Thank you, Mike, for that kind introduction.
Good morning and welcome. It is an honor to be with you here today. I would like to acknowledge some of our special guests who are with us: Father Patrick Desbois, founder of Yahad-In Unum [YAH-hahd-in-OOnum], as well as Dr. Brown-Fleming from the United States Holocaust Memorial Museum; Deputy Assistant Secretary Victoria Holt, Special Envoy for Holocaust Issues Douglas Davidson; and, of course, our Interim Special Envoy Michael Kozak, whom you all know well.
Today is an important occasion. Each year we gather together to commemorate the victims of one of the worst tragedies in human history. Indeed, almost 70 years after the end of World War Two, we continue to honor those whose lives were brutally taken during the Holocaust because they were Jewish, Roma, LGBT, disabled, or otherwise unjustly targeted by the Nazis.
But we do more than just remember. As we move into the 21st century, we must also take a stand against present day genocide.
We must stay vigilant, and true to our values. It is, in fact, our obligation. We need to consistently remind ourselves that those who promote and manipulate bigotry for political advantage can end up organizing mass atrocities, including genocide and other crimes against humanity.
As you all know well, this is not always the easy thing to do; but it is the right thing to do.
Last spring, President Obama made clear that the United States is taking concrete steps to prevent mass atrocities, protect civilians, and ensure that we hold the perpetrators of atrocities accountable. In his Presidential Study Directive-10, he stated that “preventing mass atrocities and genocide is a core national security interest and a core moral responsibility of the United States.”
As such, he established the Atrocities Prevention Board, whose primary purpose is to coordinate a whole of government approach to preventing mass atrocities and genocide.
For the past year, I have been honored to represent the State Department on the APB, and am proud of its initial achievements.
Perhaps the most significant outcome so far occurred just 10 days ago when President Obama signed into law new legislation that will provide rewards for information leading to the arrest, transfer or conviction of any foreign national accused of war crimes, crimes against humanity, or genocide.
This is tremendous, and I commend those of you here today who have worked hard to make this a reality.
In addition to helping to pass laws, the APB is also enhancing the collection and analysis of intelligence, developing training materials for our diplomats, and expanding our multilateral diplomatic efforts.
While we pledge to do everything we can, as the Secretary has said so often, preventing mass atrocities is a responsibility that the United States and all peoples and countries around the world share.
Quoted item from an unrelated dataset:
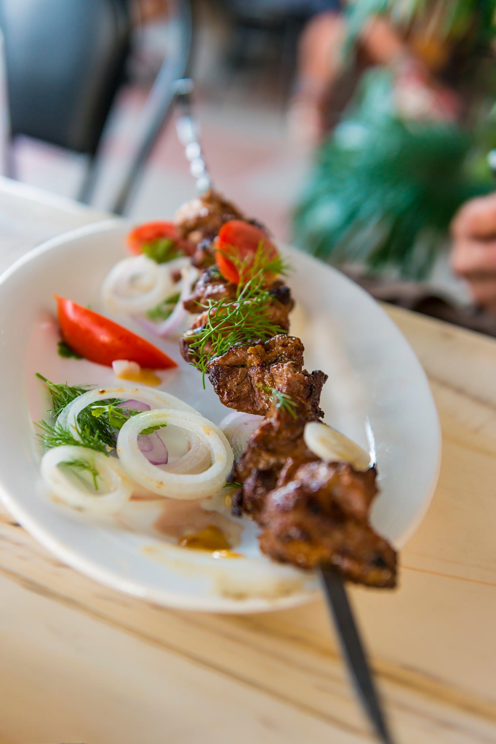 Kirgisiassa kannattaa aina selvittää, missä on oman majapaikan alueen šašlik-kuja. Joka kaupunginosasta löytyy šašlik-grillivartaita tarjoavien ravintoloiden keskittymä. Vartaan, tomaatti-kurkkusalaatin ja ljebuška-leivän sisältävä ateria maksaa seitsemisen euroa. Perinneruokia, kuten hevosenlihapastaa eli bešbarmakia, on paras kokeilla maaseudulla tai kotiruokaillalliselle kutsuttuna.

And that is why we must all – all of us here today – commit to work together to turn our promise of “never again” into a reality.
So, as you mark this important day through speeches, videos and panel discussions, I urge you to commit to this promise, remember our lessons, and work to ensure our future is free from the horrors we witnessed 70 years ago, and again in places like Cambodia and Rwanda.
To quote Secretary Clinton at our commemoration event last year, “Each of us can be part of that chain of humanity that stands for the very best that we can be.”
Let’s us never forget that. Thank you.